In linea di principio, la riorganizzazione per generi della Rai e l’accorpamento delle testate non possono che essere accolte favorevolmente. L’attuale ripartizione in reti e testate, distinte e contrapposte, risale alla riforma del 1975, una riforma fortemente influenzata dall’esigenza di garantire un effettivo pluralismo nella televisione di Stato in regime di monopolio. Questa “lottizzazione” aveva, pertanto, una sua logica ma oggi, in un sistema concorrenziale dominato dalla Tv commerciale e dall’inarrestabile pervasività della Tv on demand (Netflix, ecc.) che senso ha un modello produttivo imperniato sulle reti e le testate televisive, strutture obsolete e anacronistiche che a malapena producono per i loro palinsesti? La creazione di programmi innovativi e nuovi format richiede grandi investimenti e creatività; le reti non possono far altro che acquistarli – piuttosto che idearli e produrli – con la conseguenza di omologare sempre più l’offerta di servizio pubblico a quella delle Tv commerciali.
Pertanto, sia benvenuta la riorganizzazione per strutture di genere (informazione, cultura, intrattenimento, cinema-fiction, sport) che realizzano programmi e prodotti concepiti, sin dalla fase di progettazione, per essere distribuiti su tutti i media e tutte le piattaforme; sia anche benvenuta la consapevolezza che l’obiettività non è la somma di tre faziosità; ma tutto questo all’imprescindibile condizione che siano preliminarmente garantite le condizioni fondanti la legittimità del servizio pubblico: indipendenza, autonomia economica e una mission che promuova la crescita civile e culturale dei cittadini.

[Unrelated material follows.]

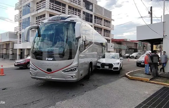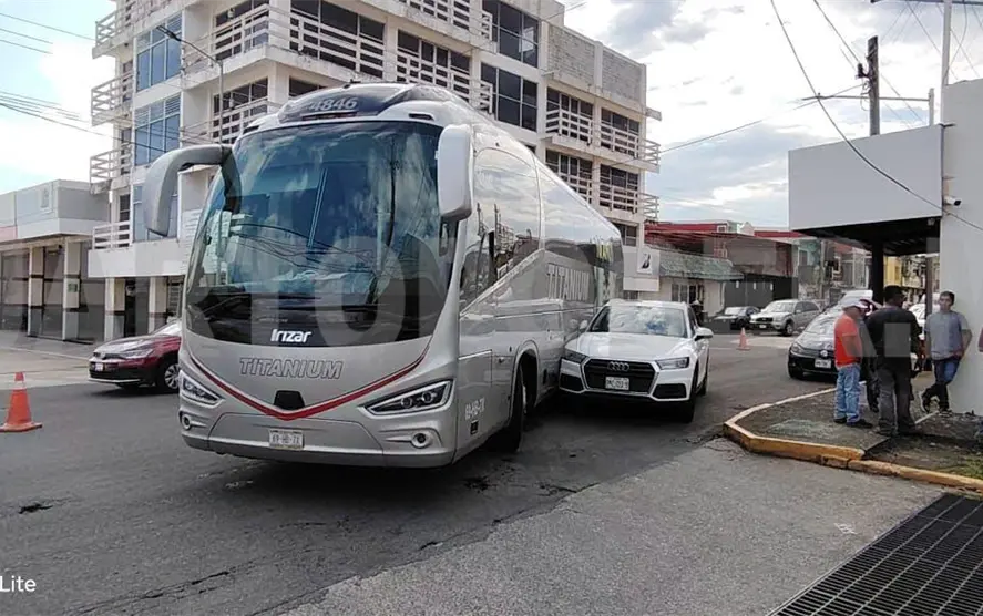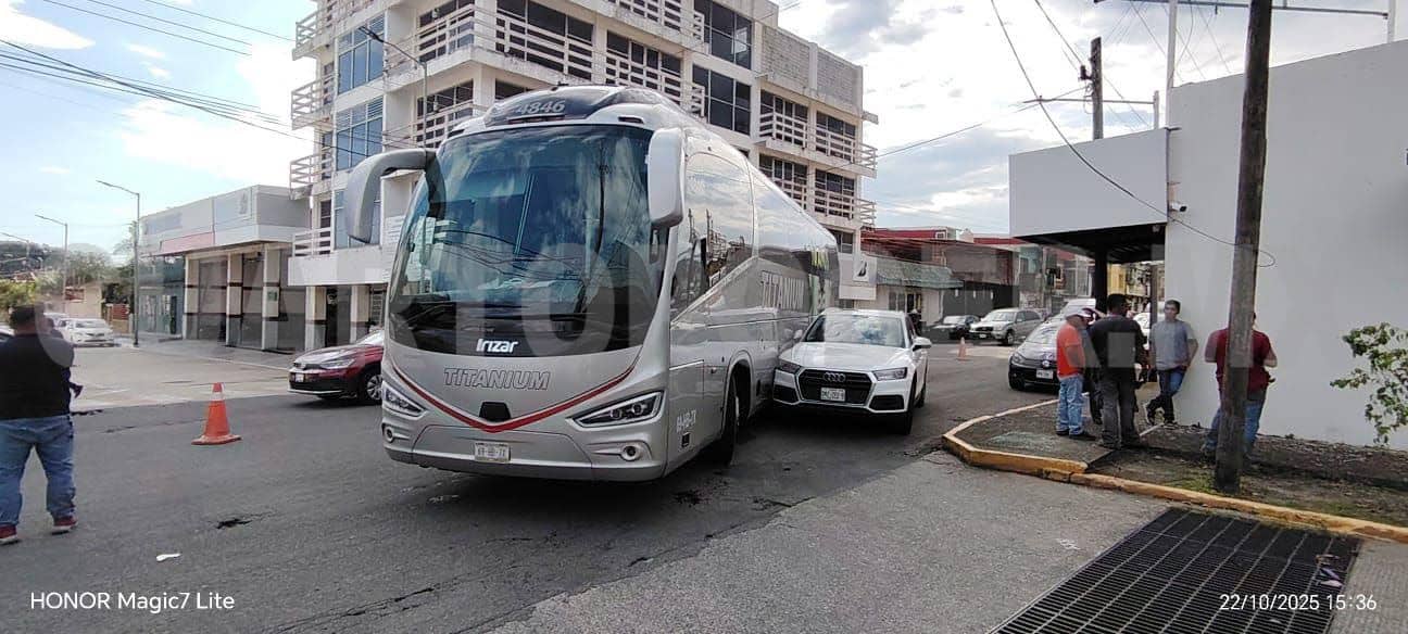 Solo daños materiales considerados en varios miles de pesos dejó choque en el centro de Tapachula, cuando un autobús de pasajeros produjo un corte de circulación para ingresar a la terminal de la empresa Titanium.

Una reale indipendenza la Rai non l’ha mai avuta: in un modo o nell’altro è sempre stata sotto il controllo del Governo e della maggioranza di turno. Quel poco di autonomia finanziaria che la vecchia Concessione le aveva assicurato è stata soppiantata de facto dal blocco del canone e dal prelievo forzoso di 150 milioni di euro. La mission è tutta da ridefinire, tant’è che Articolo 21 ha bandito un concorso tra gli studenti per riscrivere la nuova carta d’identità del servizio pubblico.
Per conseguire questi obiettivi sarà necessaria un’ampia mobilitazione politica e culturale: una vera e propria guerra d’indipendenza, dagli esiti tutt’altro che scontati. Pertanto, in un panorama ancora dominato dalla legge Gasparri e da una legge farsa sul conflitto d’interessi, pur apprezzando il lodevole sforzo di restituire organicità e coerenza a un’informazione pletorica e frammentata, è doveroso mettere in guardia da un’inevitabile eterogenesi dei fini che consegnerebbe la Rai al totale e indiscriminato controllo dell’esecutivo di turno.